On s’étonne d’autant plus de l’argument qu’il existe en France un dépistage de la trisomie 21 proposé systématiquement à toute femme enceinte au premier trimestre de la grossesse, et qui lui permet de demander une interruption médicale de grossesse, autorisée par la loi et prise en charge par la Sécurité sociale. Alors pourquoi refuser avant la grossesse ce qui est autorisé au cours de la grossesse ? Le raisonnement est d’autant plus contestable que la majorité des aneuploïdies détectées ne seront pas des trisomies 21, mais bien d’autres anomalies non viables pour la plupart.
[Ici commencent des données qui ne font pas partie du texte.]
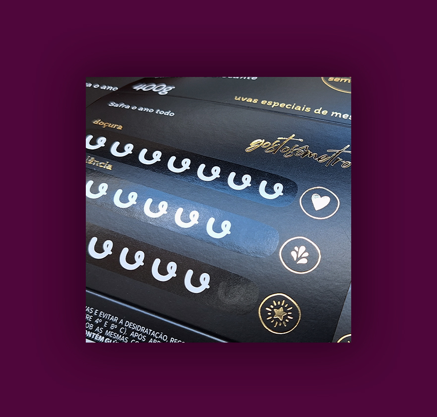 Era essencial que a embalagem expressasse a indulgência das uvas e reforçasse sua posição como produto de alto padrão. Para isso usamos uma estética minimalista, explorando tons profundos equilibrados por elementos visuais leves e convidativos e acabamentos especiais com hot stamping e verniz de reserva.

Plus encore, l’argument de l’eugénisme, brandi comme un épouvantail, ne peut ici que choquer, tant les mots ont un sens. L’eugénisme d’hier était collectif et coercitif, reposant sur un désir de purification ou d’amélioration de la race humaine qui ont justifié des politiques raciales, autoritaires et meurtrières. Est aujourd’hui invoqué un «nouvel eugénisme», décrit comme plus individuel et libéral, lié à une génétique médicale moderne. En la matière, ce spectre de la sélection, visant, pour faire court, un enfant parfait alliant beauté, intelligence, santé et longévité, n’a aucun sens. Le DPI-A n’est là ni pour sélectionner les «meilleurs» ni pour éliminer les plus «mauvais» embryons. Son rôle premier est d’éviter de transférer des embryons qui ne se développeront pas jusqu’à un terme viable. Il évite aux femmes, aux couples, la violence d’échecs à répétition liés à une anomalie chromosomique, dans un parcours d’assistance médicale à la procréation long et douloureux. Ce n’est que dans un second rôle qu’il pourra aussi mettre en évidence des anomalies, qui sont de toute façon recherchées en début de grossesse par le diagnostic prénatal légal, autorisé et organisé. Sur un sujet aussi sérieux et lourd de conséquences, le niveau du débat parlementaire doit maintenant être à la hauteur.